Muthurkrishnan continued: “The LangChain ecosystem evolves rapidly, and we’ve benefited from the typescript package while developing the Ally.ai platform. We wanted to give back to the community, so we’ve open sourced our code in the langchain-community package. We’re thrilled that other financial institutions, or other companies operating in regulated industries, could benefit from what we’ve created.”
The Road Ahead
The initial results of Ally.ai has encouraged the Ally team to forge ahead with pursuing almost 200 AI use cases throughout the enterprise. While not all of them will make it to production – Ally has begun final evaluations on two additional use cases – one with the marketing content and SEO team, and a second one with Ally’s investor relations group. Both of these use cases lean into optimizing employee productivity and improving business processes. For example, the marketing content team has seen the time needed to launch campaigns reduced by up to 2-3 weeks. As more use cases are tested and evaluated through Ally’s extensive governance process, what will be a constant is the use of Ally.ai – with the necessary privacy and security features in place – as the company expands its AI capabilities.
“We’re not standing still, and neither is the developer community,” Muthukrishnan said. “We hope that by making this contribution and collaborating with LangChain, our actions will serve as a model to other organizations who want to harness the power of AI in a responsible way that positively serves consumers and our community.”
For more insights from the technology team at Ally, including how the team is doing it right with AI and exploring new innovation, visit https://ally.tech. You can read more about their announcement too – here.
“Our goal is for LangChain to be ubiquitous. We designed the framework to be useful no matter the size of the company or the industry it operates in. Ally pushed the boundaries and solved a real problem that we see many companies run up against. We’re grateful that Ally decided to support our mission and contribute back so that others could benefit, and we’re excited to continue to partner with Ally to evolve LangChain to serve financial institutions even better.” – Harrison Chase, CEO of LangChain
About Ally Financial
Ally Financial Inc. (NYSE: ALLY) is a financial services company with the nation's largest all-digital bank and an industry-leading auto financing business, driven by a mission to "Do It Right" and be a relentless ally for customers and communities. The company serves more than 11 million customers through a full range of online banking services (including deposits, mortgage, point-of-sale personal lending, and credit card products) and securities brokerage and investment advisory services. The company also includes a robust corporate finance business that offers capital for equity sponsors and middle-market companies, as well as auto financing and insurance offerings. For more information, please visit www.ally.com and follow @allyfinancial.

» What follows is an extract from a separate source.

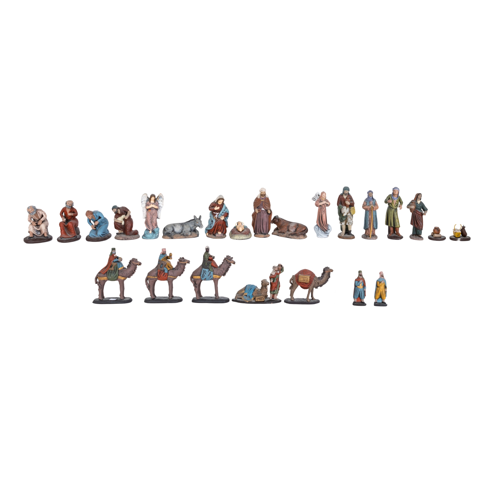 Anunciación para Belén formado por 22 piezas en barro cocido, c.1970. Presentan marcas de origen algunas.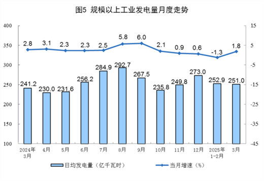 规上工业电力生产增速加快。3月份,规上工业发电量7780亿千瓦时,同比增长1.8%,增速比1—2月份加快3.1个百分点;日均发电251.0亿千瓦时。1—3月份,规上工业发电量22699亿千瓦时,同比下降0.3%,扣除天数原因,日均发电量同比增长0.8%。

LangChain, Inc. was founded in early 2023 to help developers build context-aware reasoning applications. The company’s popular open source framework gives developers the building blocks to create production-ready applications with LLMs. LangChain’s open standard benefits from the force of the community; it keeps pace with the cutting edge, so companies can too. With 600+ tool integrations, 60+ models supported, and easy adoption of the latest cognitive architectures, LangChain gives companies choice, flexibility, and a build-kit to move fast. LangSmith complements as an all-in-one SaaS platform that enables a full, end-to-end, development workflow for building and monitoring LangChain and LLM-powered apps.